The hardware configuration of the present embodiment can be supported the unified multiple programming method of GPDSP structure, the unified multiple programming implementation method of the present embodiment is on the OpenMP of standard multiple programming method basis, by expanding some DSP compilings, instruct statement, the unified multiple programming of realization and vectorization automatic paralleling to multithreading in CPU+DSP heterogeneous multi-nucleus processor, by compiling, instruct statement to describe the Thread-Level Parallelism of 11 of CPU cores, the task level that multi-DSP core is 21 is parallel, Thread-Level Parallelism between CPU core 11 and DSP core 21 with synchronize, and identify respectively the code of CPU core 11 and DSP core 21, in unified compiler framework, call respectively CPU and DSP compiler compiles different Accounting Legend Codes, and the unified executable code that is linked as single-chip, realize the unified multiple programming of the automatic paralleling and vectorization of multithreading.The detailed step of the unified multiple programming method of the general-purpose computations digital signal processor that as shown in Figure 5, the present embodiment is supported is as follows:
1) programmer uses standard program language and grammer (as standard C/C++ grammer) to write application program, before the statement block that requires CPU vouching unit multi-threaded parallel to carry out, inserts OpenMP compiling simultaneously and instructs statement, inserts DSP compiling before requiring DSP vouching unit to carry out the statement block calculating and instruct statement;
2) when compiling application program, OpenMP compiling instructs statement to instruct CPU compiler to realize multithreading automatically parallelizing, and DSP compiling instructs statement to instruct DSP compiler to realize the vector code compiling of DSP core end;
3) CPU end compiler instrument is unified compiling and link to the object code of the object code of CPU end and DSP end, and final output can be used for the executable code that general-purpose computations digital signal processor is carried out.

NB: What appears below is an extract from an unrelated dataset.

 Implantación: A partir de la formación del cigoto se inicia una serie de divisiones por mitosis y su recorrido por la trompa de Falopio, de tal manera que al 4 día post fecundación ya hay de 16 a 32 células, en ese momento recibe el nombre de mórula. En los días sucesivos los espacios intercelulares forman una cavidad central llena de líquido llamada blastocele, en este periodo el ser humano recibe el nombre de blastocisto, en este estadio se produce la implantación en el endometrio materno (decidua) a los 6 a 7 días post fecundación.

Therefore, that according to the general science of difference, calculates need to carry out above-mentioned steps 1)~3) unify multiple programming and can obtain corresponding executable code, executable code can directly be used general-purpose computations digital signal processor to carry out, thereby can utilize CPU vouching unit 1 and DSP vouching unit 2 in the present embodiment general-purpose computations digital signal processor, on the basis of advantage that keeps DSP embedded essential characteristic and high-performance low-power-consumption, support efficiently general science to calculate.The unified multiple programming method of the present embodiment support instructs statement to describe the internuclear Thread-Level Parallelism of CPU by compiling, task level between multi-DSP core is parallel, Thread-Level Parallelism between CPU core and DSP core with synchronize, and identify respectively the code of CPU core and DSP core, in unified compiler framework, call respectively CPU and DSP compiler compiles different Accounting Legend Codes, and the unified executable code that is linked as single-chip, realize the unified multiple programming of the automatic paralleling and vectorization of multithreading in GPDSP, be conducive to strengthen advanced language programming particularly to multinuclear, the development efficiency of the simultaneous resources such as vector operation array, there is versatility and ease for use good, the advantage of applied range.

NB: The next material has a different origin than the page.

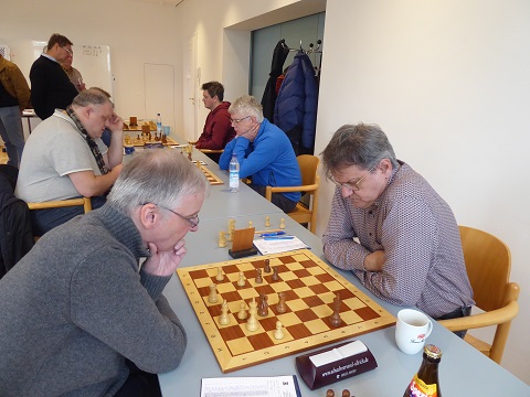 Hagen lag an Brett 5 im Clinch mit einem Weißspieler, der ebenfalls taktikaffin war. Ein Wunder, dass keiner der Beiden vom Hochseil fiel. Weiß besaß zwar einen freien Mehrbauern in der h-Linie bekam ihn aber im Endspiel T+L gegen T+S nicht flott und willigte ins Remis ein. 3:3, eine Sorge weniger.

The above is only the preferred embodiment of the present invention, and protection scope of the present invention is also not only confined to above-described embodiment, and all technical schemes belonging under thinking of the present invention all belong to protection scope of the present invention.It should be pointed out that for those skilled in the art, some improvements and modifications without departing from the principles of the present invention, these improvements and modifications also should be considered as protection scope of the present invention.

Claims (3)

1. a general-purpose computations digital signal processor, is characterized in that comprising:
CPU vouching unit (1), comprise at least one CPU core (11), described CPU core (11) comprises the generic transaction management of storage administration, document control, process scheduling, interrupt management task and the complete support to the general-purpose operating system is provided for being responsible for;
DSP vouching unit (2), comprises at least one for the DSP core (21) to 64 bit arithmetics and the support of operating system micro-kernel is provided;
Multi-level interconnection structure (3), be used for connecting CPU core (11) and DSP core (21), for being provided for task scheduling, startup stops and the quick fine granularity of synchronous operation is communicated by letter and realized coarsegrain by high speed DMA mode data communication between CPU core (11) and DSP core (21);
In sheet, share storage array (4), be used to CPU core (11) and DSP core (21) to provide high bandwidth for number support, and the atomic operation that provides the hardware in comprising data failure and being updated in directly to support is supported cache coherence operation;
Sheet external memory interface (5), is used to CPU core (11) and DSP core (21) to realize the expansion of sheet external memory;
The first high speed IO interface (6), for realizing the external data exchange of CPU core (11);
The second high speed IO interface (7), for realizing the external data exchange of DSP core (21);
Direct-connected interface (8) between sheet, direct-connected for supporting between the sheet between general-purpose computations digital signal processor;
Internuclear synchronous device (9), for providing the internuclear hardware synchronization mechanism of DSP to support the synchronous operation between multinuclear; Certain DSP core (21) waits for by internuclear synchronous device (9) the DSP core (21) that other need to this core new data, this DSP core (21) produces new data and writes back to shared storage array (4) in sheet by data write-back mechanism, this DSP core (21) makes the DSP core (21) that other need to this core new data continue operation by internuclear synchronous device (9), and the DSP core (21) that other need to this core new data cancels by data, and mechanism guarantees not have old data and shared storage array (4), read new data in sheet;
Described CPU core (11) is connected with DSP core (21) by multi-level interconnection structure (3) respectively, described CPU core (11), DSP core (21) are connected with shared storage array (4) in sheet respectively, in described, sharing storage array (4) is connected with sheet external memory interface (5), described CPU core (11) is connected with the first high speed IO interface (6), described DSP core (21) respectively with the second high speed IO interface (7), sheet between direct-connected interface (8) be connected, described internuclear synchronous device (9) is connected with each DSP core (21) respectively.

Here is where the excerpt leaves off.